Counterfactual density method reveals how whole income distributions explain the German East–West wage gap
This paper introduces a new way to study cause-and-effect that looks at whole outcome distributions instead of just averages. The authors call their idea counterfactual densities. In plain words, they ask what the entire shape of one group’s income distribution would look like if it faced the same conditions as another group. That lets them find differences that a single number like the average wage can miss.
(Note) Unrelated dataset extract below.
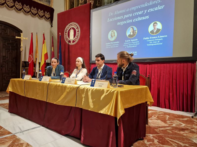 Durante el encuentro se celebró una mesa redonda, moderada por Fran Sáez, en la que participaron tres alumni que han alcanzado el éxito en sus respectivas trayectorias: Anabel Hernández, creadora de ‘Mira qué plan’; Lucía Aguado, CEO de Saiyan Workout; y Pablo Franco, CEO de Embargos a lo Bestia. Los ponentes resaltaron la importancia de la formación continua, el valor de la red de contactos generada en la UCAM y el sentimiento de pertenencia a una comunidad que sigue acompañándolos en su desarrollo profesional.

To do this the authors build on a classic tool called the Oaxaca–Blinder decomposition. That tool usually splits differences in averages into parts explained by who the people are (their characteristics) and parts explained by how those characteristics map into outcomes. Here the split is applied to densities. One part measures how the conditional income distribution would change if the relationship between characteristics and wages were those of the other group (the distribution effect). The other part measures how the income distribution would change if the mix of characteristics were different (the covariate effect).
Technically the paper treats conditional densities as objects in a space that enforces two basic rules: densities cannot be negative and must integrate to one. This is done in what the authors call a Bayes Hilbert space. They estimate those conditional densities with a flexible additive regression model built from basis functions like splines. Estimation is carried out using a Poisson approximation to make the calculations practical. The authors also report simulation checks to study how their estimator behaves in finite samples.
The method is applied to the German East–West income gap after reunification. The authors emphasize that income data are often skewed, sometimes have two peaks, and can have a mass point at zero (people with no wages). These features make average-based and quantile-based methods less informative. Using counterfactual densities, they find that the East–West gap has narrowed over about 30 years, but important differences remain. Much of the remaining gap appears to come from differences in the conditional income distribution — how characteristics translate into wages — rather than from differences in the mix of characteristics. The pattern is stronger for men, so the authors describe the gap as to a large extent a male-specific issue.